- Developer: Parametric Technology Corporation
- Standards: PostScript, PDF
- Type: Typesetting
- License: Proprietary

= Arbortext Advanced Print Publisher =

Commercial typesetting software

Arbortext Advanced Print Publisher (APP, formerly Advent 3B2) is commercial typesetting software application sold by Parametric Technology Corporation.

The software contains an automated publishing engine that can manually or automatically produce Postscript and PDF documents with complex page layouts. Entry level pricing through specialized resellers starts between $4,000 and $10,000 USD. Starting with release 12.0.0.0, APP has been rebranded as Arbortext Layout Developer.

== History ==
- Mid-1980s: Swindon-based company Advent Publishing Systems creates 3B2, a desktop publishing application. 3B2 gained a reputation as a challenger for QuarkXPress, but was soon eclipsed by that product in the DTP world and itself evolved into the high end automation market. The name 3B2 comes from the business park in Swindon (UK) where Advent had its offices at the time.
- Early 2000s: Advent integrates more XML technologies into 3B2, allowing users to associate formatting with XML hierarchies. In 2003 Printing World magazine reported that Springer-Verlag was planning to implement an automated page production process. Dr. Patrick Thibor of Springer was quoted as saying "we believe that 3B2 is the only tool available for automated page make up and will enable us to meet our goal of totally automatic production of pages". As of 2019, Springer Nature (including BMC) was still using it.
- 2004: Advent Publishing Systems is purchased by Arbortext to provide a more powerful alternative to that product's existing FOSI/TeX engine.
- 2005: Arbortext purchased by PTC to provide technical documentation capabilities in its product lifecycle management tools.
- 2009: Integration with the existing Arbortext suite of products released with APP Version 10 and Arbortext 6.0
- 2011: APP Engine becomes default print and PDF engine for all Arbortext products.
- 2011: APP Version 11.0 F000 released.
- 2015: APP Version 11.1 F000 released.
- 2017: APP Version 11.2 F000 released.
- 2019: APP Version 12.0.0.0 released.

== Uses ==
APP has traditionally been used for a number of specific typesetting tasks.
- Scientific, technical and medical journal publishing, particularly in India. APP's automation, SGML/XML handling and mathematics formatting mean this complex layout task can be automated
- Financial typesetting, particularly generation of EDGAR reports for Securities and Exchange Commission filings
- Government reports such as Hansard, daily journals and other reports.

== Technologies ==

APP supports processing of marked-up text such as SGML, XML and HTML natively, using a JavaScript based Formatting Object Model API and/or its own proprietary scripting languages and established technologies such as Perl, XPath and Unicode. Its rules-based engine allows the stylesheet builder to automate demanding page make-up tasks and run them in a 'lights out' server mode.
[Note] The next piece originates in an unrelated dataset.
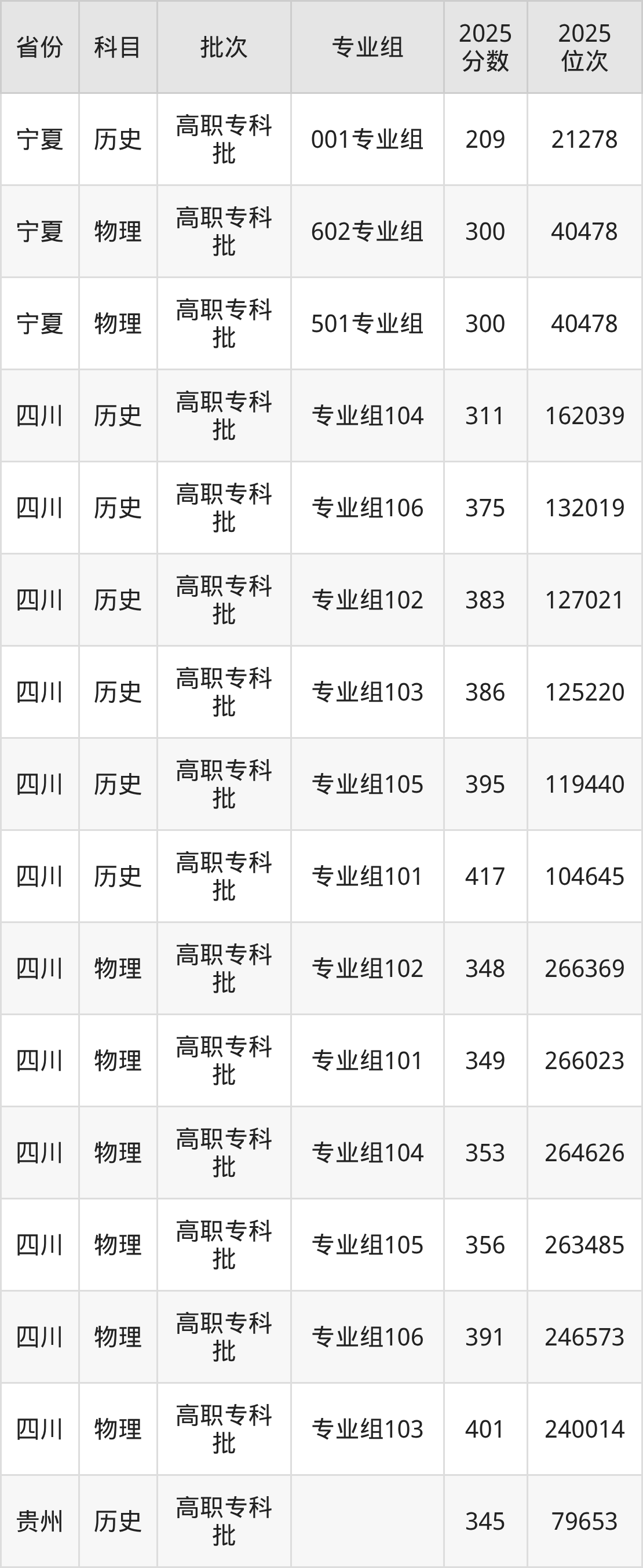 西双版纳职业技术学院专业组102:2025年投档录取最低分为383分,录取最低位次为127021名。

APP applies text and page formatting properties with any chevron delimited mark-up such as SGML or XML or non well formed markup. APP 'templates' are stylesheets that comprise page layouts, text formatting styles and scripting.

Scripting is used to automate and apply conditions to the publishing process. Traditionally this was done using 'macros', which are low-level system commands. In later versions a JavaScript FOM API was introduced which can be used as automation scripting and powerful inline conditional processing.
When using XML, a template can employ XPath or match-statement contexts to specify the exact conditions to which style is applied through the parser. Such conditions can also be configured for SGML and other tagged data using proprietary tools called showstrings.

Principal outputs are PostScript and PDF, although APP also provides a number of alternative output drivers.
APP provides a WYSIWYG view of pages in the Desktop version, which can be used to manipulate pages after automated composition, or to build templates.